I just entered into the world of B&W developing with the help of the members of this great forum. After many days of reading and research I decided my first trials of Acros 100 4x5 film would be with Rodinal 1:50 (I know of the wide ranging opinions on this developer with respect to grain). Two sheets were exposed at ISO 100 and ISO 64.

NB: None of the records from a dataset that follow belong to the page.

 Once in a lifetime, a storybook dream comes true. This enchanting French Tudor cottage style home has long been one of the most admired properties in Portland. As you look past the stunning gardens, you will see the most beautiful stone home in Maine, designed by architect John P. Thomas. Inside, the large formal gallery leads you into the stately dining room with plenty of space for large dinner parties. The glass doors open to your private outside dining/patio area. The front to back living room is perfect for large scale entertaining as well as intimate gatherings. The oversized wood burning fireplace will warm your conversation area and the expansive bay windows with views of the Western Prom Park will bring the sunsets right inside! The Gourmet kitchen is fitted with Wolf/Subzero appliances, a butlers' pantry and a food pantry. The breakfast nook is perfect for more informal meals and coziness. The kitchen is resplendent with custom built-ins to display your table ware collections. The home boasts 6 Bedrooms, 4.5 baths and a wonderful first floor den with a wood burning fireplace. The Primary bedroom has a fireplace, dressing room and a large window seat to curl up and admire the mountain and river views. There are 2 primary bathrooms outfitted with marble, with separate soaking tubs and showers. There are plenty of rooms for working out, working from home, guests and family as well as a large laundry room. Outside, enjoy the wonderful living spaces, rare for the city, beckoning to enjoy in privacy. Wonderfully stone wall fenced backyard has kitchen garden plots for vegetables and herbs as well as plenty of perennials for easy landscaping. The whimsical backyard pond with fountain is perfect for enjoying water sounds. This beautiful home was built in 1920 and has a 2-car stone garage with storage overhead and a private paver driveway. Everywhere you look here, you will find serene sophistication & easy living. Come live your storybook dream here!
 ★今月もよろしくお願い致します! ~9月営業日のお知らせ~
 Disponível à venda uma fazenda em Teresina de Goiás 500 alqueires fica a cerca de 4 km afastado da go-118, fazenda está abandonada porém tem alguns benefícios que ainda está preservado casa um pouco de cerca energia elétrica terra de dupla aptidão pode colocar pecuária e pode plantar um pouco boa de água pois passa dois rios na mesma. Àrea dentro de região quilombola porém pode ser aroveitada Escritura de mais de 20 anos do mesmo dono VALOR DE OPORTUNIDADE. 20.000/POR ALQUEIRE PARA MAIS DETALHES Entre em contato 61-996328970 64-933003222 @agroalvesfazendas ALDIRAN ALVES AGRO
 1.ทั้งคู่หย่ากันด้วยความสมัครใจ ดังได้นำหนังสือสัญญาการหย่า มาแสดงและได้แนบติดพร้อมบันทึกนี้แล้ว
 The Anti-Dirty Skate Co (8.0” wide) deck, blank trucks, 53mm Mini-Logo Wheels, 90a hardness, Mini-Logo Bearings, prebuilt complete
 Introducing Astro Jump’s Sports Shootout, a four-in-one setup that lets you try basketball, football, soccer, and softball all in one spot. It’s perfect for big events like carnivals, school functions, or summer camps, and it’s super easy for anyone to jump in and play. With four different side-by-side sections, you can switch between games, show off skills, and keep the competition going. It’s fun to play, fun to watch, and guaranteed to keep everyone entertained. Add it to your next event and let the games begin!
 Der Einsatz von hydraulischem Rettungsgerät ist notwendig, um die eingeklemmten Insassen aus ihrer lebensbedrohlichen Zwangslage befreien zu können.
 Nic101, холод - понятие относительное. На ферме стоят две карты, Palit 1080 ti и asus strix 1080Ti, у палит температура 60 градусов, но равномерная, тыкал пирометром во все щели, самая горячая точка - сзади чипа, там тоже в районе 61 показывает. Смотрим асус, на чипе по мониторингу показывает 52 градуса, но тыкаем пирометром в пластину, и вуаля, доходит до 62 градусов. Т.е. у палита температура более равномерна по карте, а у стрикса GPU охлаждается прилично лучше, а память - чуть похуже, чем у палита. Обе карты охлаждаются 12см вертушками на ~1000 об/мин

Chemical Mixing Ratios (JOBO 2500 Series tank needs 560ml):
Rodinal 1:50 - 12 ml Rodinal + 600 ml water = 612 ml
Kodak Indicator Stop Bath - 10ml solution + 625 ml water = 635 ml
Ilford Rapid Fix - 120 ml fixer + 480 ml water = 600 ml
Photo-Flo - 3 ml solution + 600 ml water = 603ml
I performed the following process at 20 degrees C and timings were done with an Omega Darkroom timer:
1) Allow tank and chem bottles to sit in water jacket for 10 minutes
2) 5 minute water presoak while on Beseler roller
3) Develop 7.25 minutes and flip Jobo 2500 tank on roller every 30 seconds
4) 1 minute Kodak Stop Bath
5) 30 second wash
6) 5 minute Ilford Rapid Fixer
7) 2 minute wash with 1 liter water (Repeat 5 times)
8) 1 minute wash with distilled water and Kodak Photo-Flo 1:200 dilution
Results
1) Subject was an X-Rite Digital ColorChecker SG card shot in daylight and almost full frame
2) As far as exposure and tonality the both negs look good with the expected differences of the ISO settings and the film used
3) I was expecting a bit of acceptable grain from the Rodinal and it looks fine in the dense area and midtones, but it is very, very ugly in the less dense areas of both negatives.
Question
Before developing new sheets, I am trying to isolate the reason for the grain issue in the shadows.
It's possible I did not mix the stop bath and fixer quite thoroughly and since I ran the fixer for the long end of Ilfords recommended time (2-5 minutes) I think it may be related to the weakly mixed and too long time of the fixer, rather than any developer issue, but since I am a newbie I don't have a clue. Of course it may be over agitation, but I doubt it with so many using the Unicolor or Beseler powered rollers.
Could anyone shed a little light on this grain in the shadows issue?
Thanks,
Jim
www.jimcolephoto.com
Edit: I added a cropped section of the scanned and inverted image.